Environmentally Friendly Production of Methane from Natural Gas Hydrate Using Carbon Dioxide

Huge amounts of natural gas hydrate are trapped in an ice-like structure (hydrate). Most of these hydrates have been formed from biogenic degradation of organic waste in the upper crust and are almost pure methane hydrates. With up to 14 mol% methane, concentrated inside a water phase, this is an attractive energy source. Unlike conventional hydrocarbons, these hydrates are widely distributed around the world, and might in total amount to more than twice the energy in all known sources of conventional fossil fuels. A variety of methods for producing methane from hydrate-filled sediments have been proposed and developed through laboratory scale experiments, pilot scale experiments, and theoretical considerations. Thermal stimulation (steam, hot water) and pressure reduction has by far been the dominating technology platforms during the latest three decades. Thermal stimulation as the primary method is too expensive. There are many challenges related to pressure reduction as a method. Conditions of pressure can be changed to outside the hydrate stability zone, but dissociation energy still needs to be supplied. Pressure release will set up a temperature gradient and heat can be transferred from the surrounding formation, but it has never been proven that the capacity and transport ability will ever be enough to sustain a commercial production rate. On the contrary, some recent pilot tests have been terminated due to freezing down.
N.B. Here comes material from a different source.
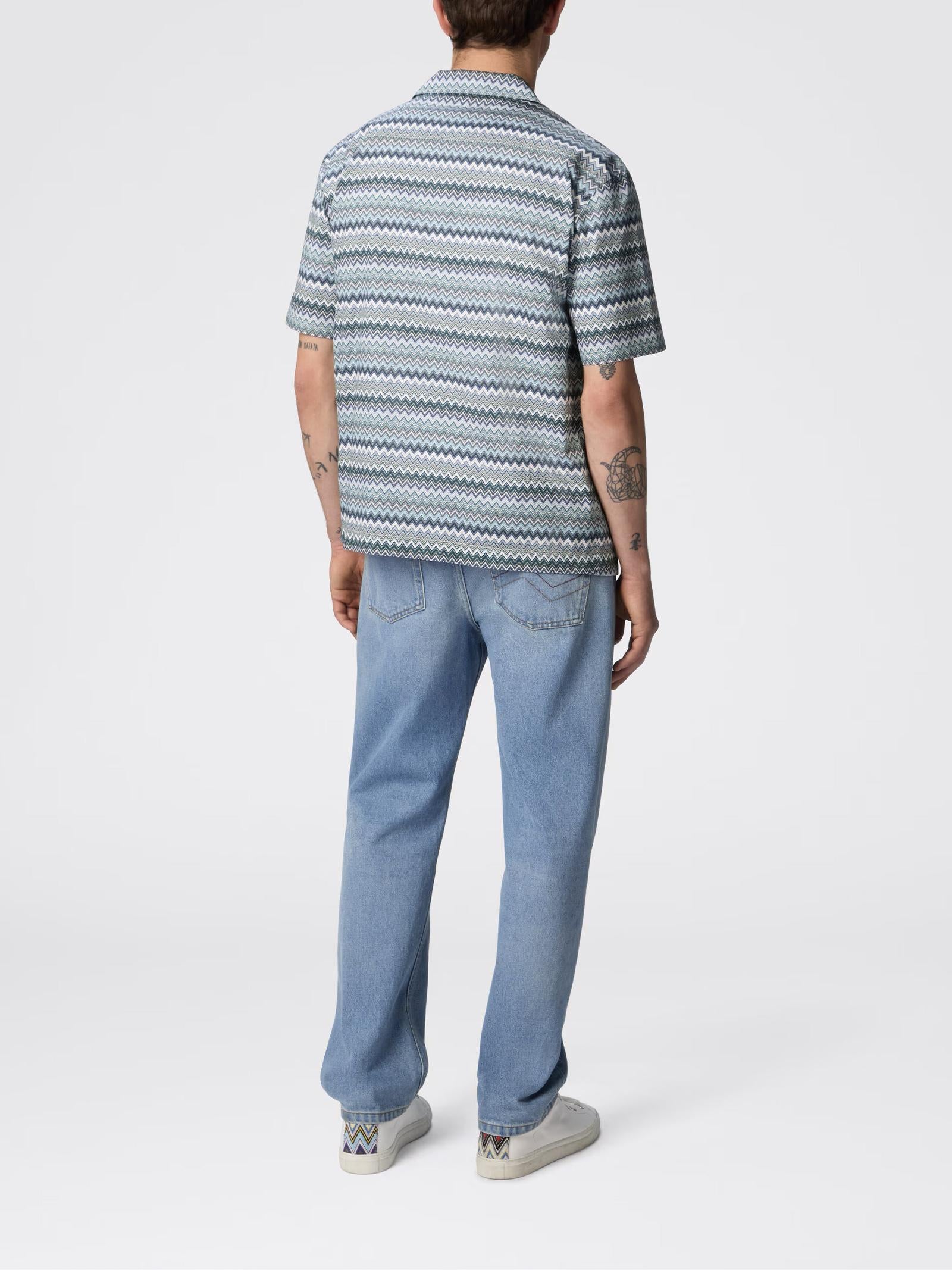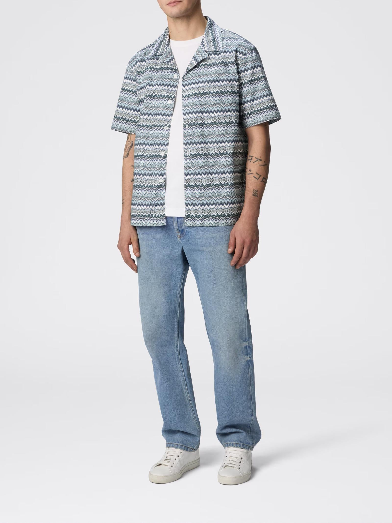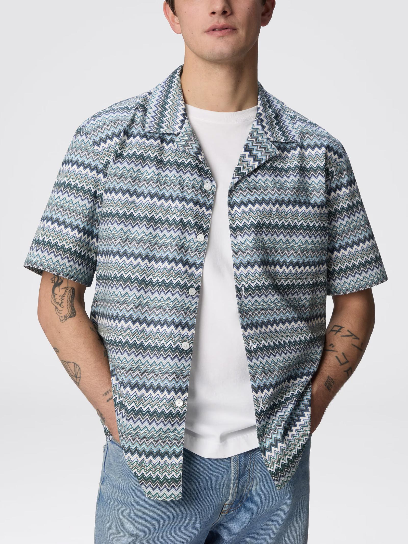 Camicia bowling verde in popeline di cotone contraddistinta dal suo motivo zig zag che dona un tocco di originalità a una silhouette tradizionale. Il taschino frontale aggiunge un dettaglio funzionale, mentre la freschezza del popeline garantisce un comfort impeccabile.Istruzioni per il lavaggio: Utilizzare asciugatrice a temperatura bassa; Stirare a temperatura massima 110 °C; Non lavare a secco; Non trattare con cloro; Lavare delicatamente max 40°C.Composizione: 100% COTONEMade in Romania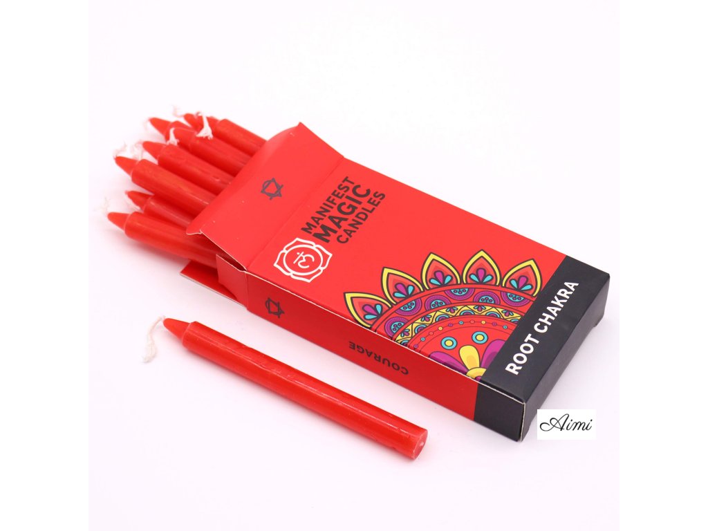 Ezoterické Magické Sviečky (balenie po 12 ks) - Červené - Koreňová Čakra

Other problems include sand production and water production. A more novel approach of injecting CO 2 into natural gas hydrate-filled sediments have also been investigated in various laboratories around the world with varying success. In this work, we focus on some frequent misunderstandings related to this concept. The only feasible mechanism for the use of CO 2 goes though the formation of a new CO 2 hydrate from free water in the pores and the incoming CO 2 . As demonstrated in this work, the nucleation of a CO 2 hydrate film rapidly forms a mass transport barrier that slows down any further growth of the CO 2 hydrate. Addition of small amounts of surfactants can break these hydrate films. We also demonstrate that the free energy of the CO 2 hydrate is roughly 2 kJ/mol lower than the free energy of the CH 4 hydrate. In addition to heat release from the formation of the new CO 2 hydrate, the increase in ion content of the remaining water will dissociate CH 4 hydrate before the CO 2 hydrate due to the difference in free energy.